GitHub - IAAR-Shanghai/xFinder: [ICLR 2025] xFinder: Large Language Models as Automated Evaluators for Reliable Evaluation

xFinder: Large Language Models as Automated Evaluators for Reliable Evaluation

Qingchen Yu^1,*, Zifan Zheng^1,*, Shichao Song^2,*, Zhiyu Li^1,†, Feiyu Xiong¹, Bo Tang¹, Ding Chen¹

¹Institute for Advanced Algorithms Research, Shanghai, ²Renmin University of China

For business inquiries, please contact us at [email protected].

🎯 Who Should Pay Attention to Our Work?

If you are developing a Benchmark, you can use our xFinder to replace traditional RegEx methods for extracting key answers from LLM responses. This will help you improve the accuracy of your evaluation results, enabling more reliable and meaningful comparisons and validation of model performance.
If you are a designer of evaluation frameworks, you can integrate our xFinder into your framework's answer extraction component to enhance the robustness and reliability of the evaluation process.

Important

🌟 Star Us! By starring our project on GitHub, you'll receive all release notifications instantly. We appreciate your support!

📢 News

[2025/01] Our work has been accepted to ICLR 2025! 🎉🎉🎉
[2024/10] We have open-sourced the KAF-Dataset and released xFinder as a PyPI package.
[2024/09] xFinder has been successfully integrated into OpenCompass! 🔥🔥🔥
[2024/08] We updated xFinder: The model now supports processing both English and Chinese.
[2024/05] We released xFinder: Robust and Pinpoint Answer Extraction for Large Language Models. Check out the paper.

Overview

Abstract

The continuous advancement of large language models (LLMs) has brought increasing attention to the critical issue of developing fair and reliable methods for evaluating their performance. Particularly, the emergence of cheating phenomena, such as test set leakage and prompt format overfitting, poses significant challenges to the reliable evaluation of LLMs. As evaluation frameworks commonly use Regular Expression (RegEx) for answer extraction, models may adjust their responses to fit formats easily handled by RegEx. Nevertheless, the key answer extraction module based on RegEx frequently suffers from extraction errors. Furthermore, recent studies proposing fine-tuned LLMs as judge models for automated evaluation face challenges in terms of generalization ability and fairness. This paper comprehensively analyzes the entire LLM evaluation chain and demonstrates that optimizing the key answer extraction module improves extraction accuracy and enhances evaluation reliability. Our findings suggest that improving the key answer extraction module can lead to higher judgment accuracy and improved evaluation efficiency compared to the judge models. To address these issues, we propose xFinder, a novel evaluator for answer extraction and matching in LLM evaluation. As part of this process, we create a specialized dataset, the Key Answer Finder (KAF) dataset, to ensure effective model training and evaluation. Generalization tests and real-world evaluations show that the smallest xFinder model, with only 500 million parameters, achieves an average extraction accuracy of 93.42%. In contrast, RegEx accuracy in the best evaluation framework is 74.38%. The final judgment accuracy of xFinder reaches 97.61%, outperforming existing evaluation frameworks and judge models.

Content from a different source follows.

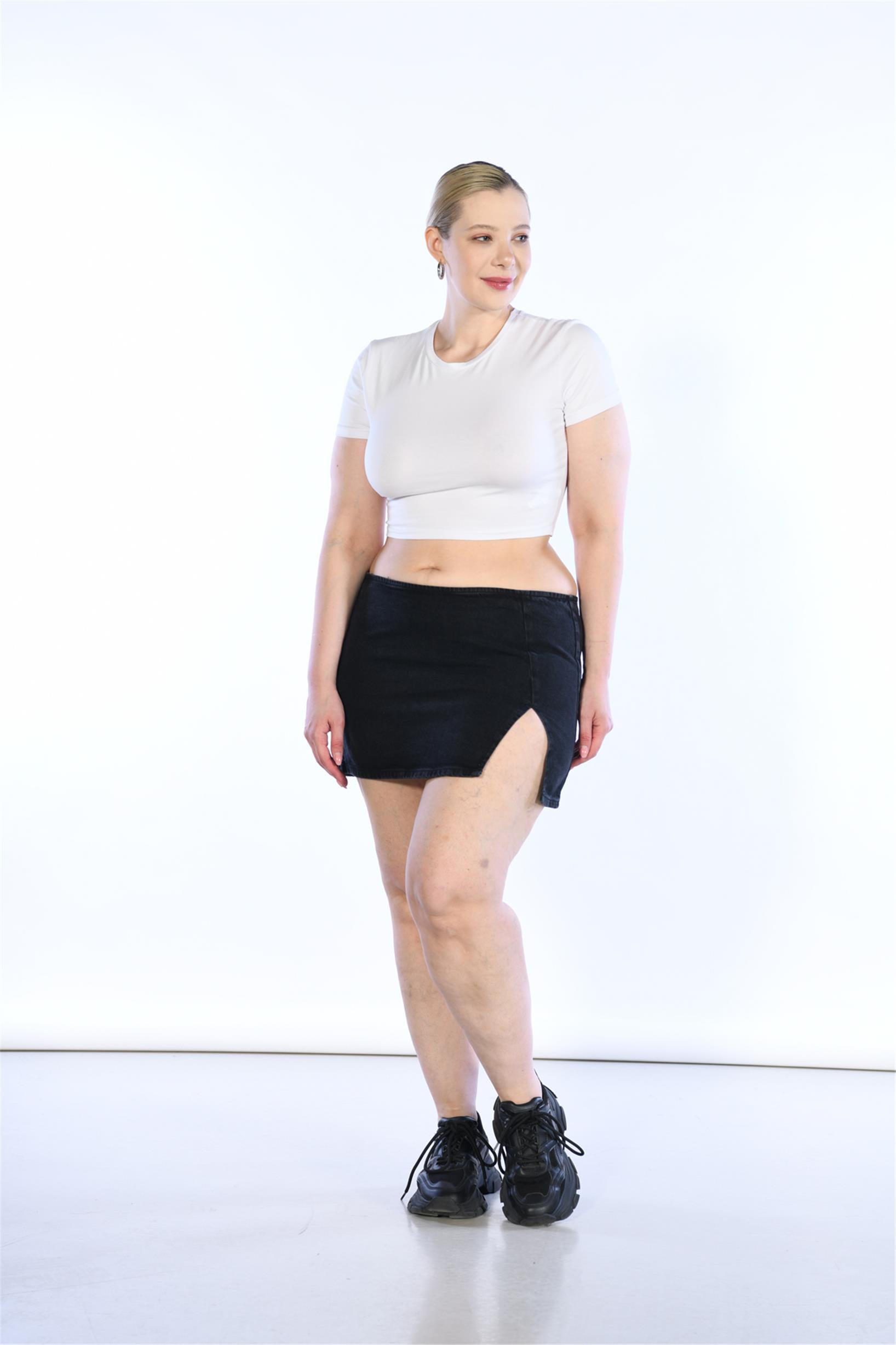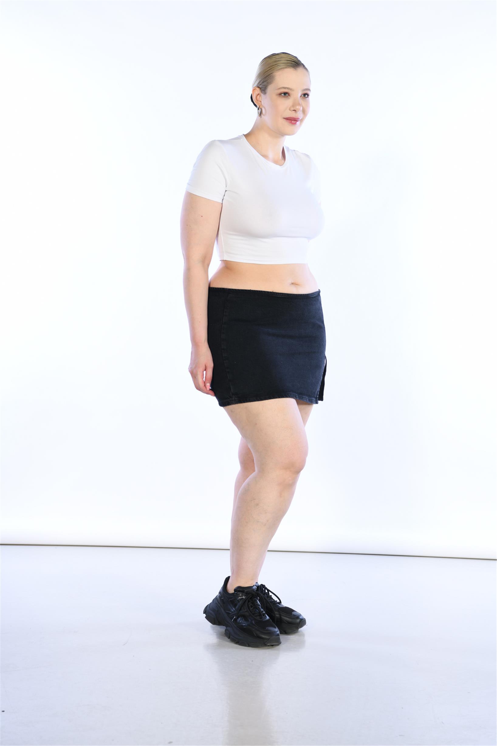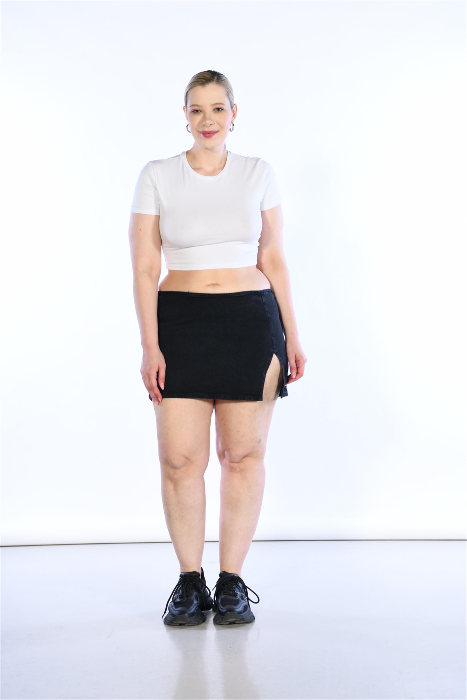 Büyük Beden Siyah Normal Bel Yırtmaç Detaylı Mini Kot Etek
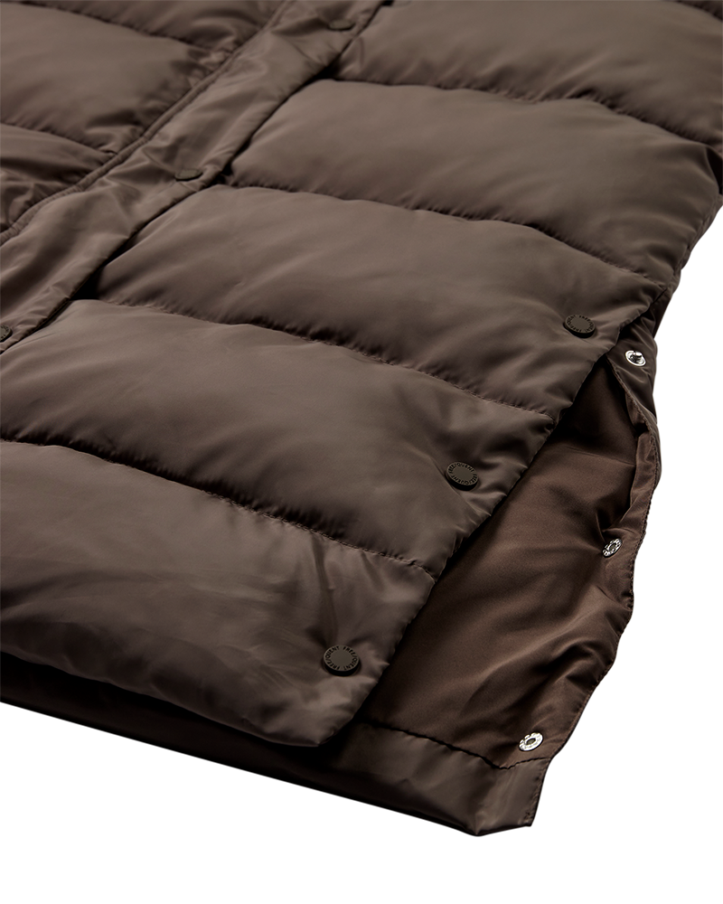 Jakken er lang, har 2 vejs lynlås- trykknapslukning, sidelommer med en knap der lukker lommen på midten, hætte samt slidser i siderne der kan åbnes/lukkes med knapper.

We summarize our primary contributions as follows:

We provide a comprehensive review of LLM evaluation processes in the industry, identifying critical factors that can lead to unreliable evaluation results.
We introduce xFinder, a novel evaluator for answer extraction and matching in LLM evaluation, and construct the KAF dataset to support its training and testing.
Our experiments show that both RegEx-based frameworks and automated judge models exhibit unreliability, leading to low judgment accuracy. In contrast, our method achieves higher accuracy and improved evaluation efficiency.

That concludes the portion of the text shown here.